Harness Engineering: The Environment Symphony Assumes

Symphony does not work out of the box when dropped into any repository. The README states plainly: “Symphony works best in codebases that have adopted harness engineering.”5

Harness Engineering is the engineering methodology OpenAI published in February 2026. Its essence is structuring a codebase so that agents can read it, run it, and verify it autonomously. Three pillars define it.

  1. Hermetic Testing: Tests that run locally in a deterministic fashion, with no external dependencies. An agent must be able to verify on its own whether a change is correct.

  2. Machine-Readable Docs: AGENTS.md, WORKFLOW.md, and scripted structures that allow an agent to independently discover how to build, test, and deploy the project.

  3. Modular Architecture: A design with minimal side effects, enabling agents to make localized changes with high confidence.

The OpenAI experiment team reflected that early progress was slower than expected because this environment was not yet in place. The bottleneck was not agent capability but what they called “underspecified environment.” Acceleration came not from asking agents to perform better, but from asking: what infrastructure needs to exist to make this task possible?

How Symphony Differs from Competing Tools

Understanding Symphony’s context requires a look at the current landscape.

ToolTypeAgent TriggerEcosystem Lock-inSelf-Hostable
SymphonyOrchestratorIssue tracker (automatic)None (pluggable)Yes
DevinAutonomous agentManual / SlackCognition cloudNo
GitHub Copilot
Coding Agent
Issue → PRGitHub IssuesGitHub ecosystemNo
CursorIDE assistantDeveloper (manual)VSCode forkNo

GitHub Copilot Coding Agent is the closest conceptual parallel — both aim to convert issues into pull requests automatically. The difference lies in ecosystem lock-in. Copilot assumes a GitHub repository, GitHub Actions, and GitHub Issues in combination. Symphony ships with a Linear adapter as the default, but the Integration Layer in SPEC.md was designed to support GitHub Issues, Jira, or any other tracker via a plugin interface. Community work on a GitHub Issues adapter had reportedly already begun at the time of release.

The contrast with Devin is more fundamental. Devin is a cloud SaaS product; code and context are transmitted to external servers. Symphony is an on-premises daemon. With only a Codex API key, everything runs inside a company’s firewall.

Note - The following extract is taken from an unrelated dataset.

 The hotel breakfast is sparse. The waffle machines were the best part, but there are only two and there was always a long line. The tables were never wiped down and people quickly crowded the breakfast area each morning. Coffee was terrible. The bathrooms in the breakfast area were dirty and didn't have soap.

Hacker News and Community Response

Symphony appeared on Hacker News on March 4, 2026.6 The reception was muted — 20 points and 6 comments. Two points captured most of the community’s attention.

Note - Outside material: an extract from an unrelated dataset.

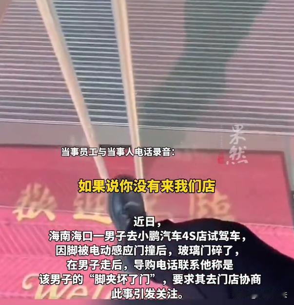 海口,一位网友走进一家汽车销售店,原本跟工作人员已经约定好,前来试驾车辆。但是过来时,网友在门口停车场看到,约定好的车辆已经被其他客户开走。网友转身准备走进大厅拿行李回家,谁知道电动大门感应出了问题,没有及时感应开门,反而将网友的脚给夹住了。夹住之后,大门似乎也存在部分损坏,工作人员非常生气,要求网友赔偿大门的损失费。 齐鲁壹点11月23日报道了这则新闻。到底是门给脚夹住了?还是脚将门夹坏了?这一点可真的是令人感到好笑。销售人员甚至说:“你不来咱门店看车,这大门也不会坏啊!” 一位网友最近想要买车,就在网上联系了一位销售人员,希望对方可以帮忙安排自己过来试驾。被告知试驾预约成功之后,网友如约来到汽车公司。 来到汽车公司,网友做好登记,一切准备就绪,跟着工作人员走进停车场附近,却发现预约的车型已经被安排给其他客户了。车子目前不在公司,被客户开走了。 网友当时也有些不悦,心想,这预约流程是否也有问题呢,也着实耽搁自己的时间。不过,这是火爆车型,网友也只能表示谅解。 没试驾成功,网友就准备回到展厅取走自己的行李。谁知道,刚走到大门口的时候,电动感应大门却跟失灵了一样,反常操作,不给网友开门,甚至夹住了网友的脚。 网友试图挣脱开来,但是大门反反复复,最后发出了“咔嚓”的声音,大门的角落碎落了一些碎片。 现场的工作人员看到了,匆忙赶过来,第一时间没有关注网友被夹的脚,而是心疼的查看碎掉的玻璃渣。声称,就是网友的脚给弄坏的。 本来没有试驾成功就很心烦了,现在门坏了,夹自己脚了,却反咬一口说是自己的原因。网友可真的气愤,当时就回家了。 谁知道,回家之后,网友遭遇了夺命连环call,汽车展厅的工作人员,开始不断的给这位网友打电话,一定要网友回到店里来赔偿大门损失费用。 甚至,工作人员还在店里叫嚣:“我们大门可没有夹坏你的脚,是你的脚夹坏了我们的大门!你不过来看车,我们的大门是不是就不会坏了呢?” 听到这话,网友立刻就打车来到涉事门店,当场选择报警。调取监控之后,发现确实大门发生感应异常,导致网友没有能及时走进来,甚至还夹住了网友的脚。 事后,网友将自己见证的视频给发布到网上,网友们都炸了,纷纷帮助这位看车的网友讲话。事情闹大了之后,汽车总部公司也赶紧连夜进行了处理。 如今,这家汽车店的客服人员已经作出了回应:当天就已经对涉事员工作出了顶格处理,同时也对门店的店长进行了处罚,对前来看车的网友也作出真诚的道歉。 另外,汽车公司也作出了承诺:后期会对销售人员进行统一培训,合理管理好门店,防止这样的事情再次发生。 1.汽车门店预约好试驾车辆,但是客户前来,却发现车辆已经被其他客户给开走了,这是否存在违背诚信的原则? 根据《消费者权益保护法》规定,如果门店跟客户已经形成有效的合同,单方面取消试驾可能构成违约,需要承担相应责任。虽然没有书面确认,诚信原则是店家经营的根本,需要保障好预约客户的权益,临时安排其他客户试驾属于管理失职,损害客户信任。 作为门店管理者,应该合理安排前来试驾客户的时间,而不是随意单方面改约,让客户落空。汽车门店作为经营者,需要优先保障预约客户的权益,重建门店管理系统,避免再次出现这类尴尬问题。 2.汽车门店的电动大门因为感应问题,失灵之后将客户的脚给夹住,但是事后工作人员却反咬一口,说是客户的脚将门给就夹坏,还要客户作出赔偿,门店工作人员的行为是否合理呢? 根据《民典法》规定,销售门店作为经营场所,需要保障消费者的合法权益。公司内部电动感应门店作为门店的设施,门店需要保障大门的安全运行。如果因为感应失灵导致客户受伤,门店需要承担全部责任。 这家汽车公司门店的工作人员,其行为非常不合理,门店大门夹到客户的脚,他们却反咬一口声称是客户的责任,此举违背了基本事实。门店工作人员的行为缺乏法律依据,并且违反了服务规范,涉事员工理应被追责。 看完这则案例,面对这样的尴尬事件,如果大家遇到了会怎么去做呢?

The first was the choice of Elixir. The fact that it was not Python stood out. On the r/elixir subreddit, a thread launched with a single line — “And, yes, it’s in Elixir” — and members responded with “Very cool.” For the Elixir community, OpenAI’s choice read as validation that their language was suited to production AI infrastructure.

The second was the readability of SPEC.md. One HN comment was sharp:

“The specs are inscrutable agent slop. I want it to tell me what it does and instead it just lists database fields.” — HN comment6

The criticism was that SPEC.md referenced a state machine without clearly specifying state transitions. It exposed a tension between OpenAI’s approach of “give the SPEC to Codex and have it build from there” and a document written for human comprehension.

Two Ways to Use It

Symphony offers two entry points depending on how a team wants to proceed.

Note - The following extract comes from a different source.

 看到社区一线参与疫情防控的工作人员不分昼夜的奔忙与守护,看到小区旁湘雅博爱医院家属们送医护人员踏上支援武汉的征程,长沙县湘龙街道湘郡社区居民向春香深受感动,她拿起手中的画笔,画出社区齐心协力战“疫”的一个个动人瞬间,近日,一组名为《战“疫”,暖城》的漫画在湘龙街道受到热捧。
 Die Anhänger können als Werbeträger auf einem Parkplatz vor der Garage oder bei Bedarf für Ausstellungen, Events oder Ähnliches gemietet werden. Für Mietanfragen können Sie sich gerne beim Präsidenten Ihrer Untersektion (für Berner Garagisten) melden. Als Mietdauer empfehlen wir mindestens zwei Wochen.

Option 1: Build your own implementation. Hand SPEC.md to an agent. A single prompt — “implement this spec in my language of choice” — is enough to start. TypeScript, Python, Rust — there is no language constraint. This approach suits teams that want to integrate the orchestration logic into an existing stack without adopting Elixir.

Option 2: Use the Elixir reference implementation. This is the elixir/ directory in the GitHub repository. Manage Elixir and Erlang versions with mise, build with mix setup && mix build, and start the service with ./bin/symphony WORKFLOW.md.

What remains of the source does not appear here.